For investors like Ambesi, who bought into the market without a financial buffer or diversified portfolio, these shifts hit particularly hard.


The Emotional Toll of a Bad Investment

“I was anxious, and it was holding me back,” Ambesi said of those early years when property prices in his neighborhood began slipping. For many young investors, property isn’t just a financial commitment, it’s an emotional one.

“I felt like I’d made a mistake,” he admitted. And he’s not alone. As affordability worsens and interest rates remain unpredictable, many first-home buyers and investors are reconsidering the narrative that property is always a winning play.


Lessons From the Other Side

Despite the disappointment, Ambesi doesn’t regret the experience entirely. “You learn the hard way sometimes,” he said.
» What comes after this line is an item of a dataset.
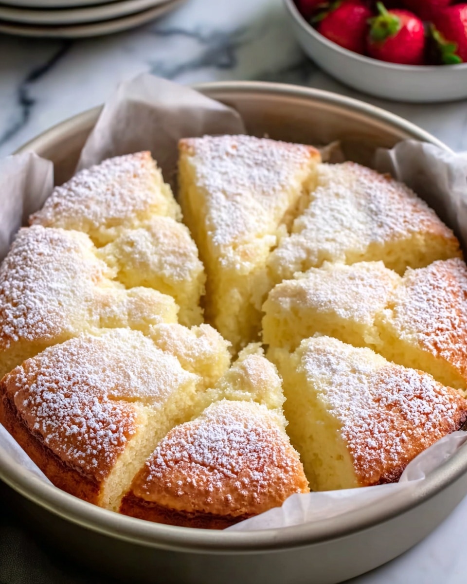 Butter your pan generously to prevent sticking — I prefer a round 8-inch cake pan for a classic shape. Pour the batter in evenly, then sprinkle the remaining granulated sugar on top to create that irresistible crispy crust. Bake at 350°F (175°C) for about 40 to 45 minutes, checking doneness with a toothpick inserted in the center. When it comes out clean (or with a few moist crumbs), you’re good to go.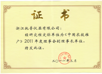 您現(xiàn)在的位置:中國(guó)農(nóng)業(yè)儀器網(wǎng) > 托普風(fēng)采 >熱烈祝賀托普儀器成為《中國(guó)農(nóng)技推廣》2011年度理事會(huì)副理事長(zhǎng)單位

His story is now sparking conversations online and among peers about doing deeper research, seeking diverse investments, and not buying into hype without understanding local market conditions.

Here are a few takeaways for other young investors:

  • Know the market, not just the asset: Apartments in high-density areas carry different risks than houses in growing outer suburbs.
  • Watch for hidden costs: Stamp duty, body corporate fees, and agent commissions can significantly impact your actual profit.
  • Understand timing: Buying during a boom without a long-term strategy can leave you exposed if the market corrects.

A Changing Narrative in Aussie Real Estate

Ambesi’s story highlights a growing reality: Australia’s property market is no longer a guaranteed goldmine, especially for young buyers entering at the margins. As interest rates, remote work, and shifting urban dynamics redefine where and how people want to live, the rules of property investing are evolving.

What used to be a passive path to wealth now requires savvy strategy, risk tolerance, and a willingness to learn from mistakes.

For Ambesi, the experience hasn’t put him off investing entirely but it has changed how he thinks about it. “I’d do things differently now,” he said. And in this economy, that kind of hard-earned wisdom might just be more valuable than a quick return.